Smad4 Il plasmide di attivazione CRISPR (m) fornisce un approccio mirato e non distruttivo per sovraregolare l'espressione endogena di Smad4 senza alterare la sequenza di DNA sottostante.
Smad4 Il plasmide di attivazione CRISPR (m) è un sistema SAM (mediatore di attivazione sinergico) a tre plasmidi progettato per la sovraregolazione trascrizionale altamente efficiente e sito-specifica del locus Smad4 nelle linee cellulari umane. Il sistema è costruito attorno a una Cas9 cataliticamente inattiva (dCas9) che porta due mutazioni inattivanti (D10A e N863A) che eliminano l'attività nucleasica preservando al contempo il legame con il DNA. Questa dCas9 è fusa con VP64, un potente attivatore trascrizionale, ed è coespressa con un gene di resistenza alla blasticidina per la selezione. Il secondo plasmide codifica la proteina di fusione MS2-p65-HSF1, un complesso attivatore secondario che agisce in sinergia con dCas9-VP64, insieme a un gene di resistenza all'igromicina. Il terzo plasmide codifica un sgRNA specifico per il bersaglio di 20 nt fuso a due aptameri di RNA MS2 che reclutano il complesso MS2-p65-HSF1 nel sito di attivazione, accompagnato da un gene di resistenza alla puromicina. I tre plasmidi vengono somministrati in un rapporto di massa 1:1:1 per un'espressione bilanciata di tutti i componenti del sistema.
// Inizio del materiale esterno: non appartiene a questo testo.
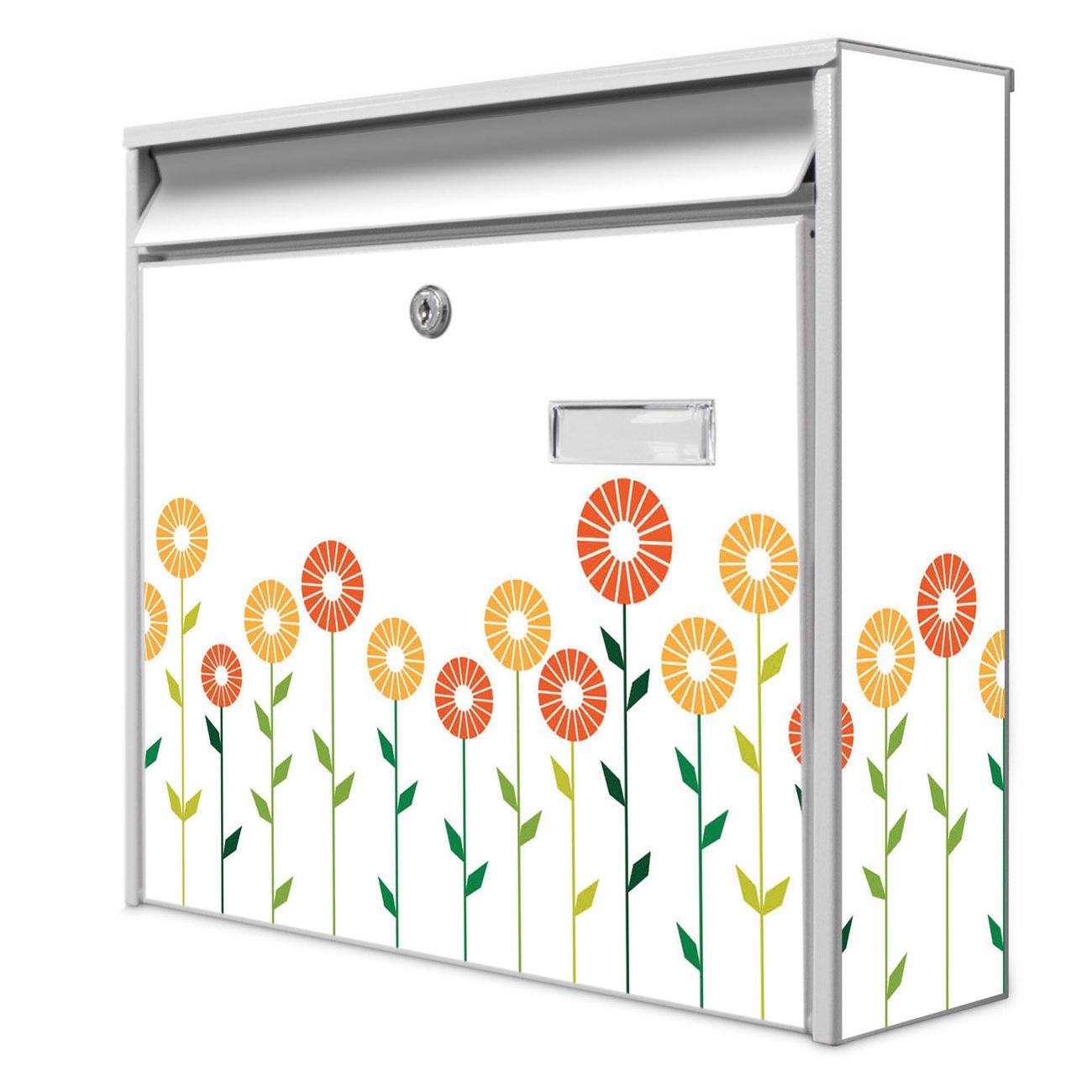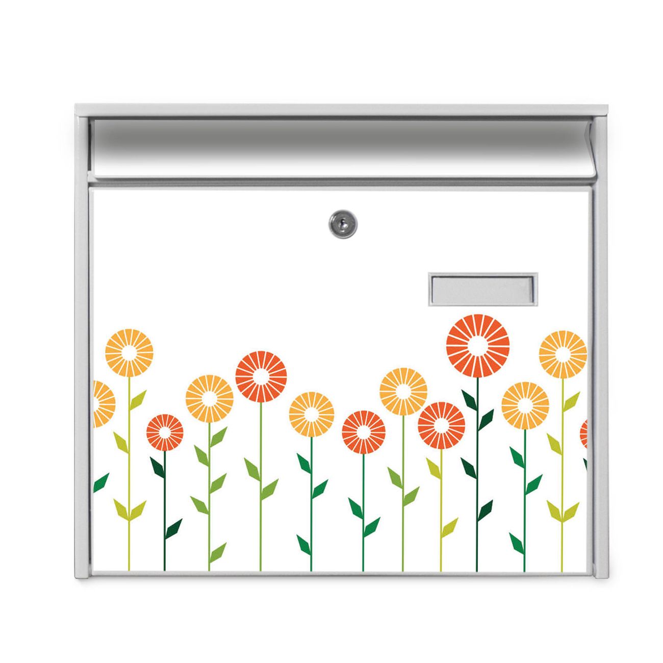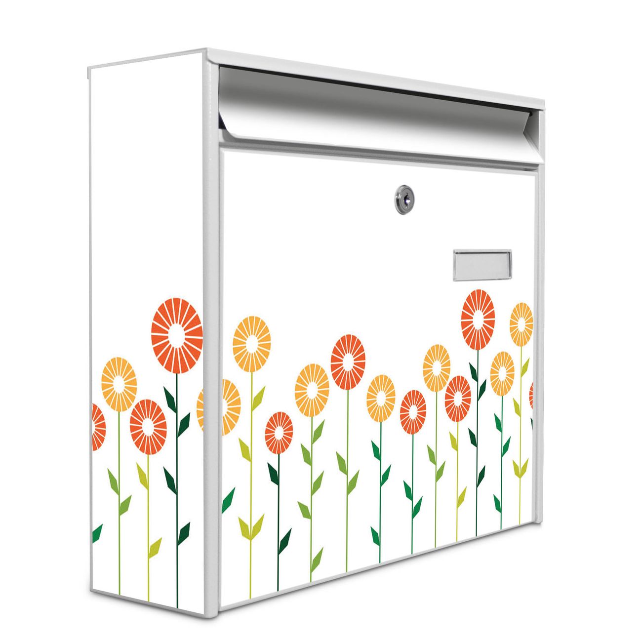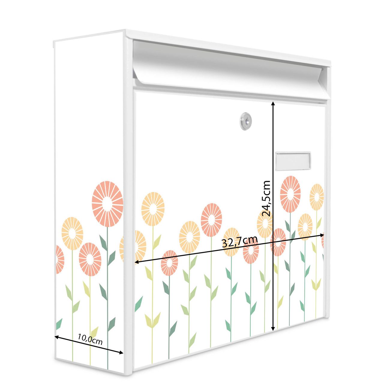 Der Burg Wächter Mail Briefkasten mit Motiv Abstrakte Margeriten bietet Ihnen mit seinem Fassungsvermögen genügend Platz auch für große A4 Sendungen. Auf Wunsch können Sie bei uns den passenden Standfuß kaufen und so aus dem Wandbriefkasten einen Standbriefkasten machen. Wir bieten Ihnen ebenfalls Namensschilder, bereits beschriftet oder frei zu beschriften, und verschiedene selbst gestaltete Bitte-Keine-Werbung-Aufkleber.

Una volta assemblato nel locus bersaglio, il complesso SAM si lega a circa 200 bp a monte del sito di inizio della trascrizione Smad4, dove VP64, p65 e HSF1 agiscono in modo concertato per reclutare il machinery trascrizionale e guidare la sovraregolazione dell'espressione endogena di Smad4. A differenza della Cas9 con attività nucleasica, dCas9 non introduce rotture a doppio filamento né modifica la sequenza genomica, preservando il locus Smad4 nativo e consentendo lo studio delle risposte trascrizionali dipendenti da Smad4 nel locus endogeno, rendendolo uno strumento prezioso per studi funzionali, l'identificazione di geni bersaglio e la modellizzazione del ripristino della via Smad4 nelle cellule tumorali con espressione di Smad4 silenziata o ridotta.
Solo per uso di ricerca. Non destinato a uso diagnostico o terapeutico.